Let $n, k \in \Z_{\ge 0}$.

Let $k > n$.

Let $\displaystyle {n \brack k}$ denote an unsigned Stirling number of the first kind.

Then:

$\displaystyle {n \brack k} = 0$

## Proof 1

By definition, unsigned Stirling number of the first kind are defined as the polynomial coefficients $\displaystyle \left[{n \atop k}\right]$ which satisfy the equation:

$\displaystyle x^{\underline n} = \sum_k \left({-1}\right)^{n - k} \left[{n \atop k}\right] x^k$

where $x^{\underline n}$ denotes the $n$th falling factorial of $x$.

Both of the expressions on the left hand side and right hand side are polynomials in $x$ of degree $n$.

Hence the coefficient $\displaystyle \left[{n \atop k}\right]$ of $x^k$ where $k > n$ is $0$.

$\blacksquare$

## Proof 2

The proof proceeds by induction.

For all $n \in \N_{> 0}$, let $P \left({n}\right)$ be the proposition:

$\displaystyle k > n \implies \left[{n \atop k}\right] = 0$

### Basis for the Induction

$P \left({0}\right)$ is the case:

$\displaystyle \left[{0 \atop k}\right] = \delta_{0 k}$

So by definition of Kronecker delta:

$\forall k \in \Z_{\ge 0}: k > 0 \implies \displaystyle \left[{0 \atop k}\right] = 0$

and so $P \left({0}\right)$ is seen to hold.

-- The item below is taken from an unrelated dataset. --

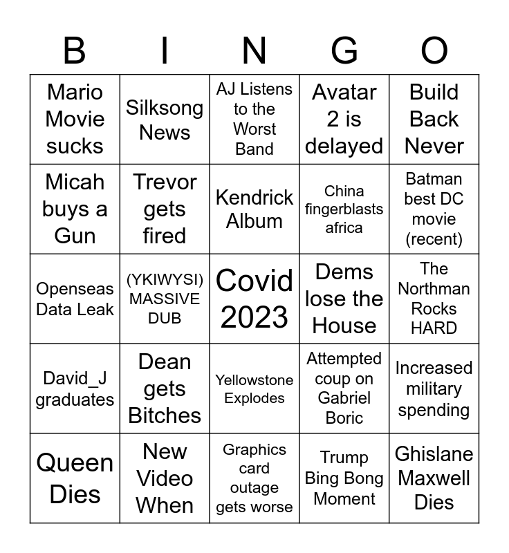 This bingo card has a free space and 24 words: Dean gets Bitches, New Video When, Kendrick Album, Queen Dies, Build Back Never, Mario Movie sucks, Micah buys a Gun, Silksong News, Dems lose the House, Yellowstone Explodes, China fingerblasts africa, Openseas Data Leak, Attempted coup on Gabriel Boric, Increased military spending, Trevor gets fired, Trump Bing Bong Moment, The Northman Rocks HARD, AJ Listens to the Worst Band, Batman best DC movie (recent), (YKIWYSI) MASSIVE DUB, Ghislane Maxwell Dies, David_J graduates, Avatar 2 is delayed and Graphics card outage gets worse.

This is the basis for the induction.

### Induction Hypothesis

Now it needs to be shown that, if $P \left({r}\right)$ is true, where $0 \le r$, then it logically follows that $P \left({r + 1}\right)$ is true.

So this is the induction hypothesis:

$\displaystyle k > r \implies \left[{r \atop k}\right] = 0$

from which it is to be shown that:

$\displaystyle k > r + 1 \implies \left[{r + 1 \atop k}\right] = 0$

### Induction Step

This is the induction step:

 $\displaystyle \left[{r + 1 \atop k}\right]$ $=$ $\displaystyle r \left[{r \atop k}\right] + \left[{r \atop k - 1}\right]$ $\displaystyle$ $=$ $\displaystyle r \times 0 + \left[{r \atop k - 1}\right]$ Induction Hypothesis $\displaystyle$ $=$ $\displaystyle r \times 0 + 0$ Induction Hypothesis: $k > r + 1 \implies k - 1 > r$ $\displaystyle$ $=$ $\displaystyle 0$

So $P \left({k}\right) \implies P \left({k + 1}\right)$ and the result follows by the Principle of Mathematical Induction.

Therefore:

$\displaystyle \forall n \in \Z_{\ge 0}: k > n \implies \left[{n \atop k}\right] = 0$

$\blacksquare$